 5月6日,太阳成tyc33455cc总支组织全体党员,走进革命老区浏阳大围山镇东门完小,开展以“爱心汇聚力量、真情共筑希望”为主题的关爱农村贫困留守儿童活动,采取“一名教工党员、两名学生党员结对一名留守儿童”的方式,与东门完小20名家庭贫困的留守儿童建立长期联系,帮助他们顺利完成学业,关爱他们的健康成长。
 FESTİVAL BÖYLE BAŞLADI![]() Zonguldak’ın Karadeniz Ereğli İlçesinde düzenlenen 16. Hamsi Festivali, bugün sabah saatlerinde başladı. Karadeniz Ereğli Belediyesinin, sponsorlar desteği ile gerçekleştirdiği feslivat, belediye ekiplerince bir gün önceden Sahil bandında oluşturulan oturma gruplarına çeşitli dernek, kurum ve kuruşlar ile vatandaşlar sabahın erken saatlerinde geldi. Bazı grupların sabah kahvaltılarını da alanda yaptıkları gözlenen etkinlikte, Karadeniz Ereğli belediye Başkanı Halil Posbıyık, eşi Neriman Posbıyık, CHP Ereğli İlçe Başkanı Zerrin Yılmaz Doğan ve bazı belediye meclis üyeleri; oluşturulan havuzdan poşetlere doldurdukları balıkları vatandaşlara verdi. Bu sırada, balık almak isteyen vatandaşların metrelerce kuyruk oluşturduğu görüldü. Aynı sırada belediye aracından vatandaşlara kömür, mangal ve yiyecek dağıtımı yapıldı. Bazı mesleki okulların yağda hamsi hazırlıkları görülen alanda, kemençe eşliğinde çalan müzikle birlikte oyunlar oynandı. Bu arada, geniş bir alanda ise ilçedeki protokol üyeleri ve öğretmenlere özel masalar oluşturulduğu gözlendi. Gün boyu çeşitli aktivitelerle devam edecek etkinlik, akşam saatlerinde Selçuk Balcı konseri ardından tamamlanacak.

* * *

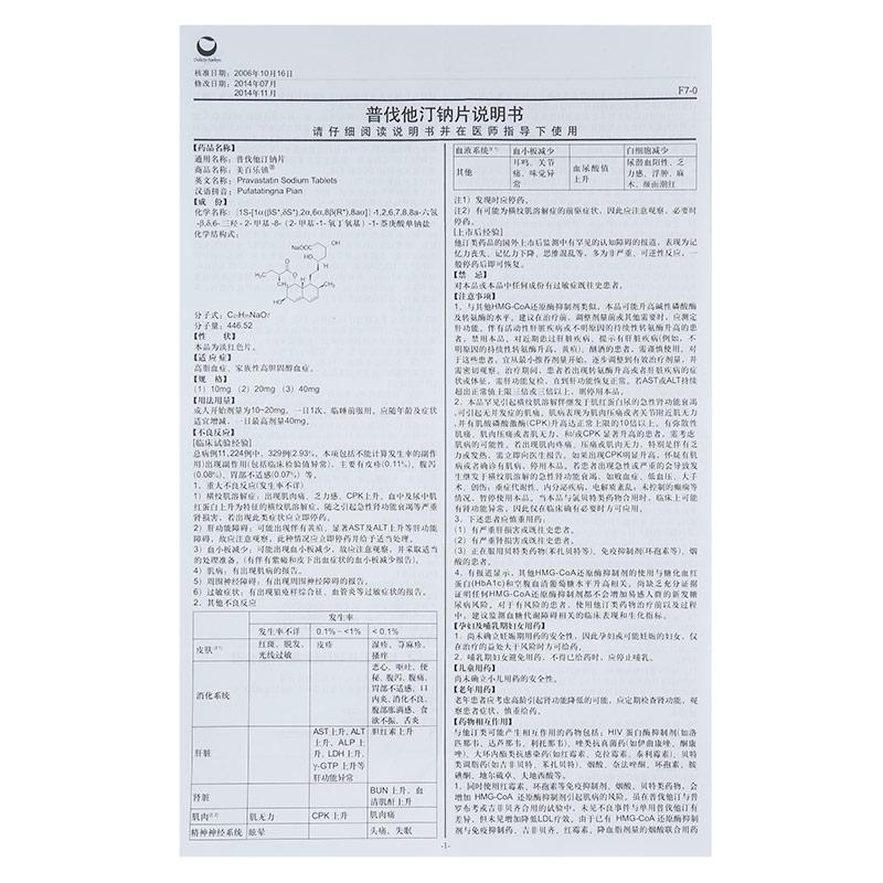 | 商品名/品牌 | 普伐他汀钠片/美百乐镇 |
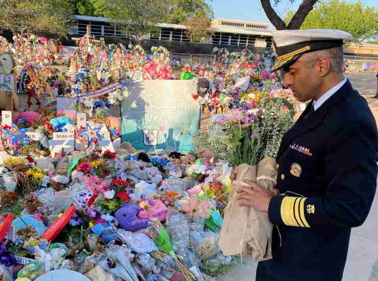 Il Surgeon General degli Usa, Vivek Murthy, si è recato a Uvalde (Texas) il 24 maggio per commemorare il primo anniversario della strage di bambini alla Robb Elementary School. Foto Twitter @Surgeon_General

- YOUR TASK: Retype the portion of the data above that starts on the line with "5月6日,太阳成tyc334" and finishes on the line with "FESTİVAL BÖYLE BAŞLADI![]()", including both of those lines.

- EXERCISE SOLUTION:
 5月6日,太阳成tyc33455cc总支组织全体党员,走进革命老区浏阳大围山镇东门完小,开展以“爱心汇聚力量、真情共筑希望”为主题的关爱农村贫困留守儿童活动,采取“一名教工党员、两名学生党员结对一名留守儿童”的方式,与东门完小20名家庭贫困的留守儿童建立长期联系,帮助他们顺利完成学业,关爱他们的健康成长。
 FESTİVAL BÖYLE BAŞLADI![]() Zonguldak’ın Karadeniz Ereğli İlçesinde düzenlenen 16. Hamsi Festivali, bugün sabah saatlerinde başladı. Karadeniz Ereğli Belediyesinin, sponsorlar desteği ile gerçekleştirdiği feslivat, belediye ekiplerince bir gün önceden Sahil bandında oluşturulan oturma gruplarına çeşitli dernek, kurum ve kuruşlar ile vatandaşlar sabahın erken saatlerinde geldi. Bazı grupların sabah kahvaltılarını da alanda yaptıkları gözlenen etkinlikte, Karadeniz Ereğli belediye Başkanı Halil Posbıyık, eşi Neriman Posbıyık, CHP Ereğli İlçe Başkanı Zerrin Yılmaz Doğan ve bazı belediye meclis üyeleri; oluşturulan havuzdan poşetlere doldurdukları balıkları vatandaşlara verdi. Bu sırada, balık almak isteyen vatandaşların metrelerce kuyruk oluşturduğu görüldü. Aynı sırada belediye aracından vatandaşlara kömür, mangal ve yiyecek dağıtımı yapıldı. Bazı mesleki okulların yağda hamsi hazırlıkları görülen alanda, kemençe eşliğinde çalan müzikle birlikte oyunlar oynandı. Bu arada, geniş bir alanda ise ilçedeki protokol üyeleri ve öğretmenlere özel masalar oluşturulduğu gözlendi. Gün boyu çeşitli aktivitelerle devam edecek etkinlik, akşam saatlerinde Selçuk Balcı konseri ardından tamamlanacak.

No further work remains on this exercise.